China Kadoorie Biobank (CKB)

  • SAMPLE SIZE: ~500k
  • LOCATION: China
  • URL:
  • DESCRIPTION:The China Kadoorie Biobank is one of the world’s largest prospective cohort studies. A long-term collaboration between the UK and China, it aims to generate reliable evidence about the lifestyle, environmental and genetic determinants of a wide range of common diseases that can inform disease prevention, risk prediction and treatment worldwide.
  • CITATION:Chen, Z., Chen, J., Collins, R., Guo, Y., Peto, R., Wu, F., & Li, L. (2011). China Kadoorie Biobank of 0.5 million people: survey methods, baseline characteristics and long-term follow-up. International journal of epidemiology, 40(6), 1652-1666.

Taiwan Biobank (TWB)

  • SAMPLE SIZE: ~150k
  • LOCATION: China, Taiwan
  • URL:
  • DESCRIPTION:The Taiwan Biobank (TWB) is an ongoing prospective study of over 150,000 individuals aged 30-70 recruited from across Taiwan beginning in 2012. A comprehensive list of phenotypes was collected for each consented participant at recruitment and follow-up visits through structured interviews and physical measurements. Biomarkers and genetic data were also generated for all participants from blood and urine samples.
  • CITATION:Feng, Y. C. A., Chen, C. Y., Chen, T. T., Kuo, P. H., Hsu, Y. H., Yang, H. I., … & Lin, Y. F. (2021). Taiwan Biobank: a rich biomedical research database of the Taiwanese population. medRxiv.

BioBank Japan (BBJ)

  • SAMPLE SIZE: ~200k
  • LOCATION: Japan
  • URL:
  • DESCRIPTION:In 2003, BioBank Japan (BBJ) started developing one of the world’s largest disease biobanks, creating a foundation for research aimed at achieving medical care tailored to the individual traits of each patient. From a total of 260,000 patients representing 440,000 cases of 51 primarily multifactorial (common) diseases, BBJ has collected DNA, serum, medical records (clinical information), etc. with their consent. No less than 5,800 items of screened information are available for research, including the patients’ survival information, with 95% of the patients tracked over an average of 10 years. In addition to large-scale genomic analyses, omics analyses including whole genome sequencing and metabolome/proteome analyses have been performed on the DNA, serum and other biological samples collected, producing significant research findings. The genomic information acquired through the analyses continues to be used as data. The biological samples and data are widely distributed and used by researchers.
  • CITATION:Nagai, A., Hirata, M., Kamatani, Y., Muto, K., Matsuda, K., Kiyohara, Y., … & Kubo, M. (2017). Overview of the BioBank Japan Project: study design and profile. Journal of epidemiology, 27(Supplement_III), S2-S8.

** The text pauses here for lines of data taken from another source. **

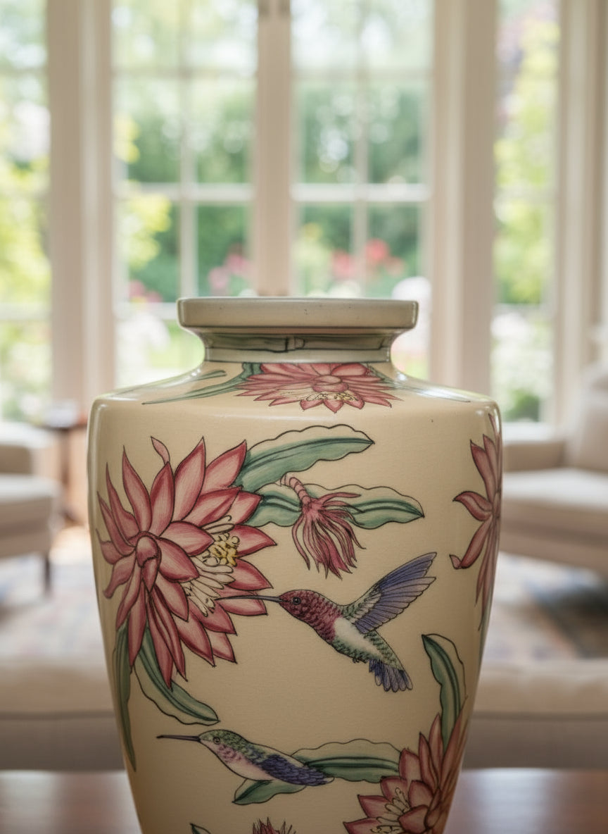 Jarrón decorativo en cerámica beige con ilustraciones vibrantes de colibríes y flores. Parte de la colección “Hummingbird Collection”. Incluye sello “Made with Love”.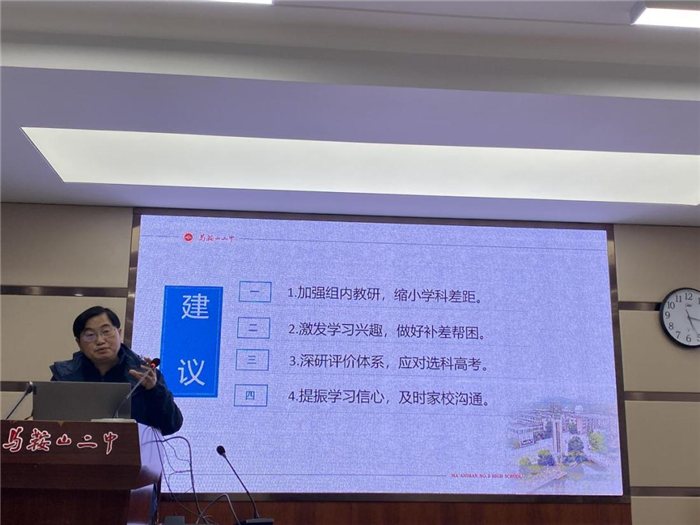 會議議程共分(fèn)為三項,教導(dǎo)處主任葉張平(píng)首先針(zhēn)對此次高二年級期中檢測(cè)成績做了係統的分析,他(tā)結合統計數據(jù)對期(qī)中(zhōng)檢測的基本情況進行了說明。肯定了教(jiāo)師(shī)在教學中取得的成績(jì),並(bìng)針對出(chū)現的問題,提(tí)出了四點建議:首先要加強組內教研,縮(suō)小學科差距;其(qí)次要激發學習興趣,做好補差幫困;第三(sān)要(yào)深研評價體係,應對選科(kē)高考;最後要提振學習(xí)信心,及時家校溝通。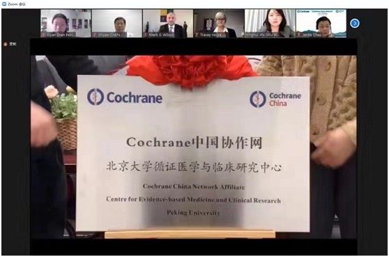 启动仪式上,由Cochrane中国协作网的联席主席周柏珍(香港中文大学医学院)、胡雁(复旦大学护理学院)、靳英辉(武汉大学中南医院)三位教授共同主持,在Cochrane首席执行官Mark Wilson和Cochrane理事会联席主席Tracey Howe等专家的共同见证下,举行了9家Cochrane中国协作网的成员单位的在线揭牌仪式。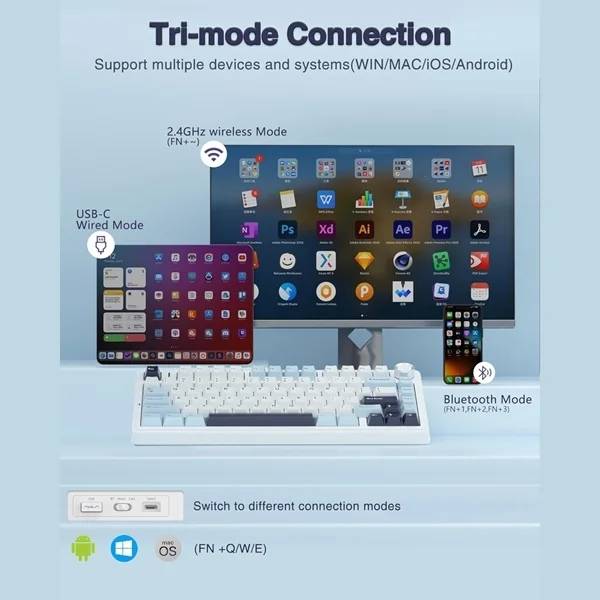 The AULA F75 Mechanical Keyboard (Ice Blue) combines a compact 75% layout with high-performance Reaper mechanical switches, delivering precision, durability, and clean aesthetics. Designed for gamers, coders, and creators who want more desk space without sacrificing essential keys, the F75 offers smooth keystrokes, vibrant RGB lighting, and a stylish Ice Blue finish that stands out on any setup.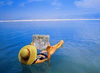 死海最吸引人的地方还是它那温暖、抚慰、含盐量很高的海水。这里的水的含盐量比常规的海水高10倍,而且富含镁、钠、钾、溴等矿物质。当人们谈起死海的时候,有这样的一种说法:死海是大地心窝里的一汪泪水。人们来这里旅游,不仅可以躺在水面,还可以在岸边向身上摸着黑泥,这里就是死海。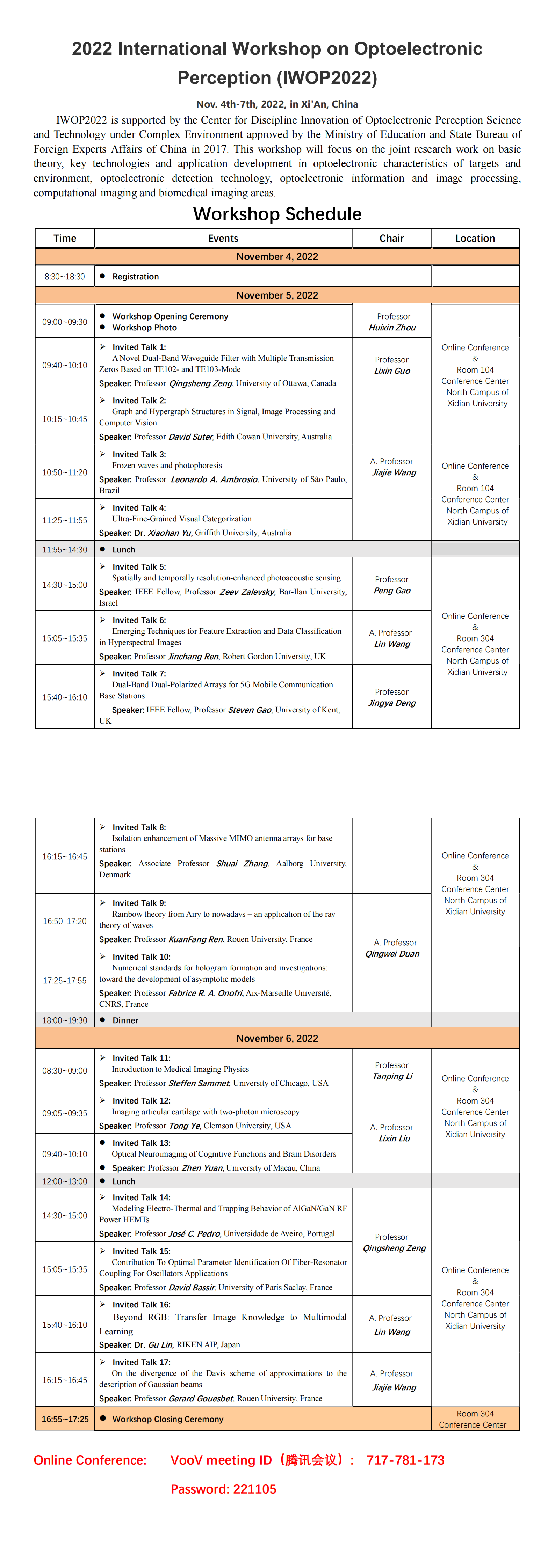 讲师 Steven Gao教授等专家学者 时间 2022年11月4日-7日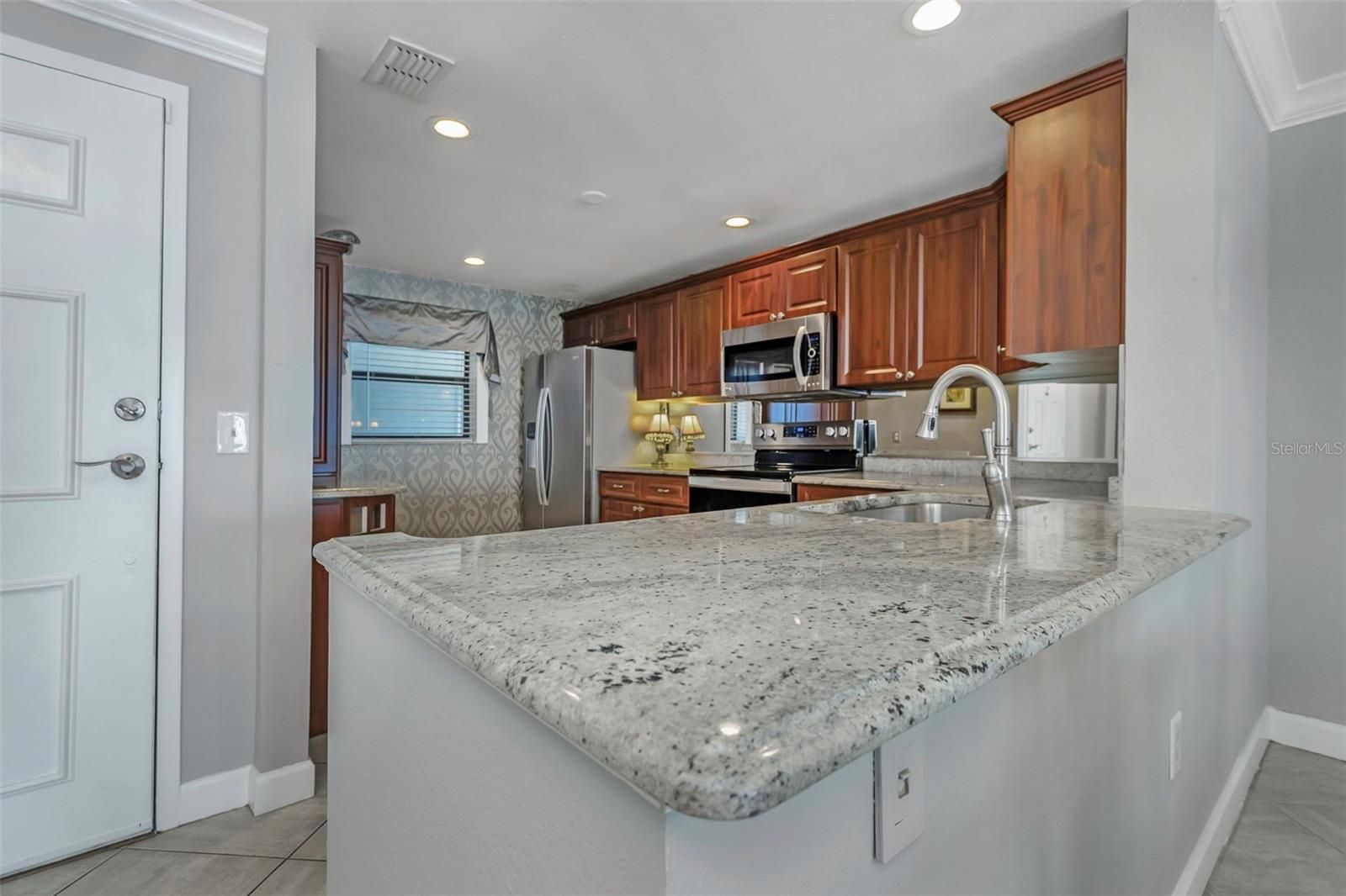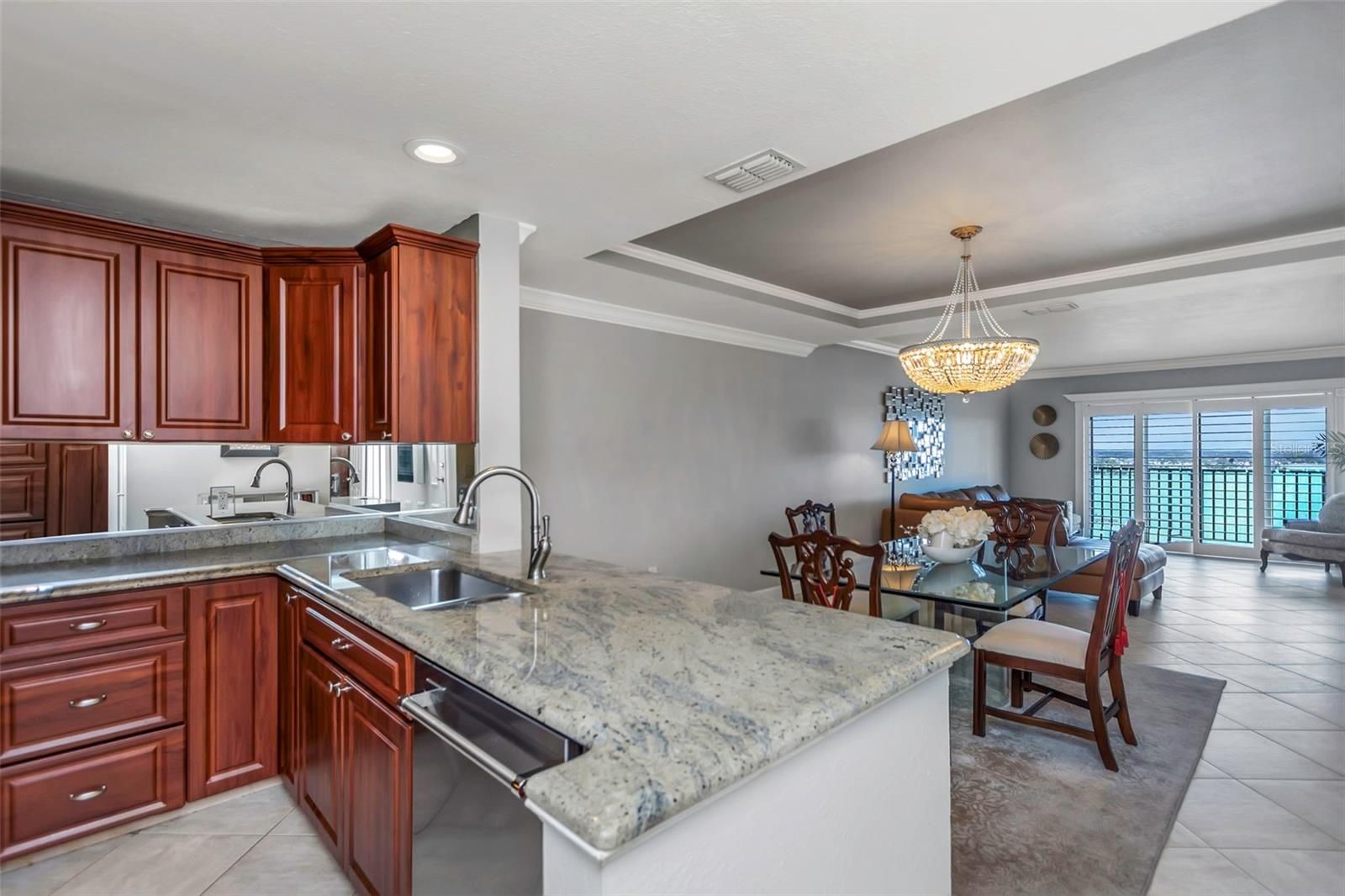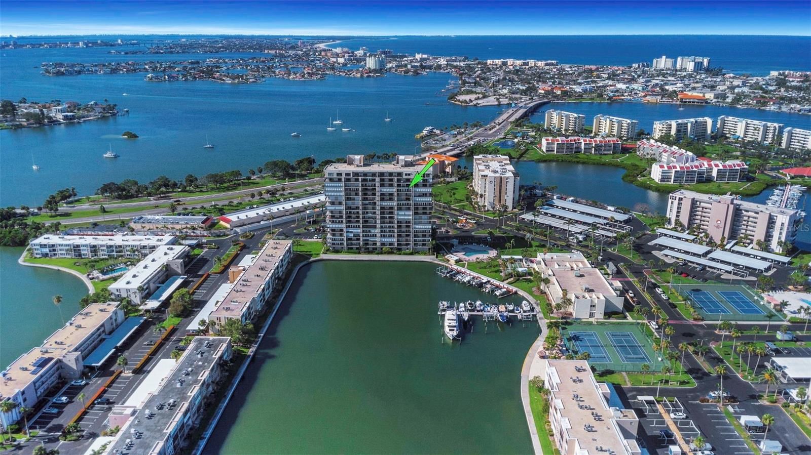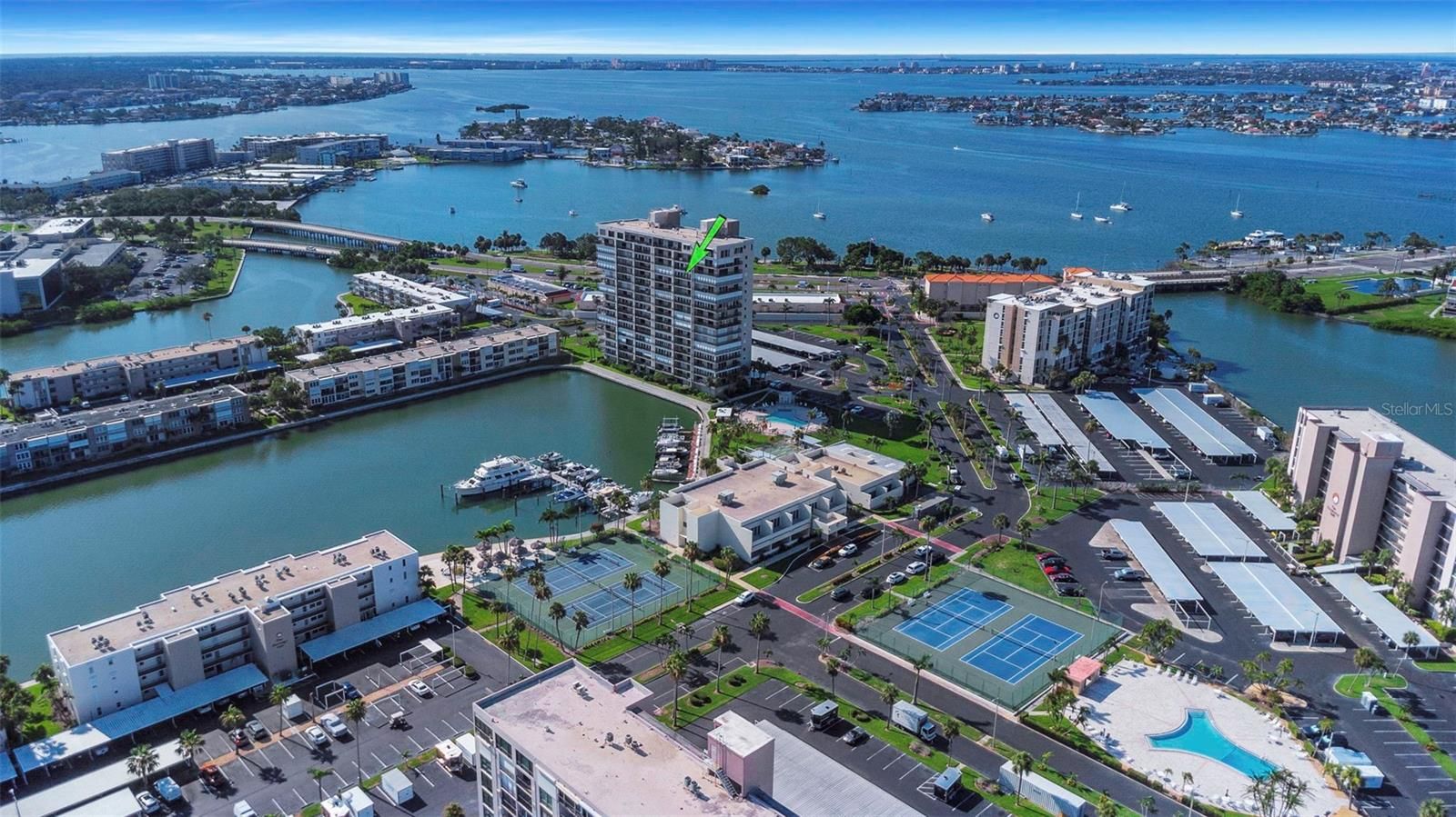 Welcome to your dream retreat in the coveted Admiral Building at Bay Island, a premier 55+ waterfront community offering the ultimate in coastal living. This beautifully updated 1-bedroom, 1.5-bath condo on the 15th floor boasts breathtaking panoramic views of Boca Ciega Bay. Step out onto your spacious private balcony and soak in the peaceful waterfront scenery—the perfect spot to start or end your day. The home is equipped with hurricane doors and shutters, along with a brand-new 2-ton Carrier condenser and matching 2-ton air handler, ensuring year-round peace of mind. The open-concept layout is filled with natural light and modern touches. The kitchen features granite countertops, wood cabinetry, a built-in wine rack, and stainless-steel appliances. Crown molding, elegant baseboards, and thoughtful finishes elevate every space. The oversized primary suite offers plenty of room to relax, complete with a walk-in closet, while the ensuite bath features a sitting vanity and a tiled shower with glass doors. A stackable washer and dryer are conveniently located in the renovated half bath, and there is generous storage throughout the unit. The Admiral Building provides additional conveniences, including storage closets on every level, extra first-floor storage units, a designated parking space, and ample guest parking. Bay Island is a gated community known for resort-style amenities, including six heated pools, two spas, a marina, a fishing dock, a 1.5-mile waterfront walking path, four tennis courts, pickleball, shuffleboard, his-and-hers gyms, and a tiki area with gas grills overlooking the bay. Enjoy the multimillion-dollar clubhouse, complete with a banquet hall, library, table tennis, billiards and card rooms, and a full calendar of social events coordinated by an on-site director. Small pets are welcome, with designated dog-walking areas perfect for sunny strolls. The HOA fee covers 24-hour guard security, cable, internet, water, sewer, and trash. Ideally located just minutes from pristine Gulf beaches, world-class dining, premier shopping, vibrant downtown St. Petersburg, and top-tier healthcare, this community offers both convenience and luxury at every turn. Schedule your private showing today—coastal luxury awaits!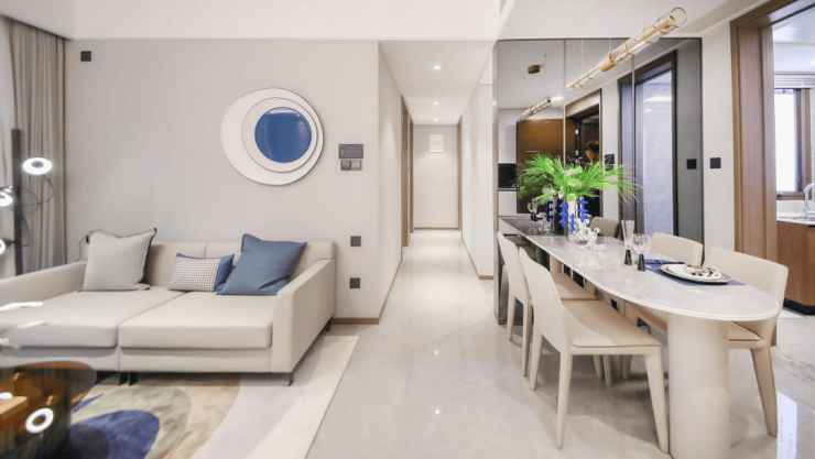 精装修交付,配备大金中央空调、博世地暖、兰舍新风系统三大件,品牌家电与智能化系统加持,实现“拎包即住”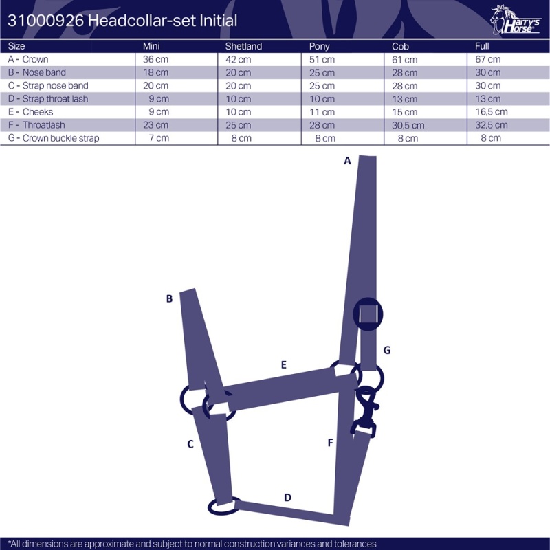 Nikeldatud metalldetailidega lihtsad päitsed. Päitset saab kuklast liugpandla abil reguleerida. Jalutusnööri pikkus on 180 cm.

Tohoku Medical Megabank (TMM)

  • SAMPLE SIZE: ~157k
  • LOCATION: Japan
  • URL:
  • DESCRIPTION:Tohoku University Tohoku Medical Megabank Organization was founded to establish an advanced medical system to foster the reconstruction from the Great East Japan Earthquake. The organization has been developing a biobank that combines medical and genome information during the process of rebuilding the community medical system and supporting health and welfare in the Tohoku area. The information from the brand-new biobank will create a new medical system, and, based on the findings of its analysis, the organization aims to attract more medical practitioners from all over the country to the area, promote industry-academic partnerships, create employment in related fields, and restore the medical system in Tohoku.
  • CITATION:Kuriyama, S., Yaegashi, N., Nagami, F., Arai, T., Kawaguchi, Y., Osumi, N., … & Tohoku Medical Megabank Project Study Group. (2016). The Tohoku medical megabank project: design and mission. Journal of epidemiology, 26(9), 493-511.

National Biobank of Korea

  • LOCATION: Korea
  • URL:
  • DESCRIPTION:The NBK is the national control center for the collection, management, and utilization of human bioresources in Korea. And NBK manages KBN, it contributes to the development of policies related to human bioresources, standardization of human bioresource management, and advancement of domestic biobanks through developing and providing support for human bioresource technologies. For guaranteeing the fairness in bioresource distribution and development of an efficient distribution system, the NBK also serves as the human bioresource supply hub that supports national healthcare and medical R&D.
  • CITATION:Cho, S. Y., Hong, E. J., Nam, J. M., Han, B., Chu, C., & Park, O. (2012). Opening of the national biobank of Korea as the infrastructure of future biomedical science in Korea. Osong public health and research perspectives, 3(3), 177-184.

Qatar Biobank

  • LOCATION: Qatar
  • URL :
  • DESCRIPTION: Qatar Biobank, a center within Qatar Foundation, was created in collaboration with Hamad Medical Corporation and the Ministry of Public Health to enable local scientists to conduct medical research on prevalent health issues in Qatar.
  • CITATION:Al Kuwari, H., Al Thani, A., Al Marri, A., Al Kaabi, A., Abderrahim, H., Afifi, N., … & Elliott, P. (2015). The Qatar Biobank: background and methods. BMC public health, 15(1), 1-9.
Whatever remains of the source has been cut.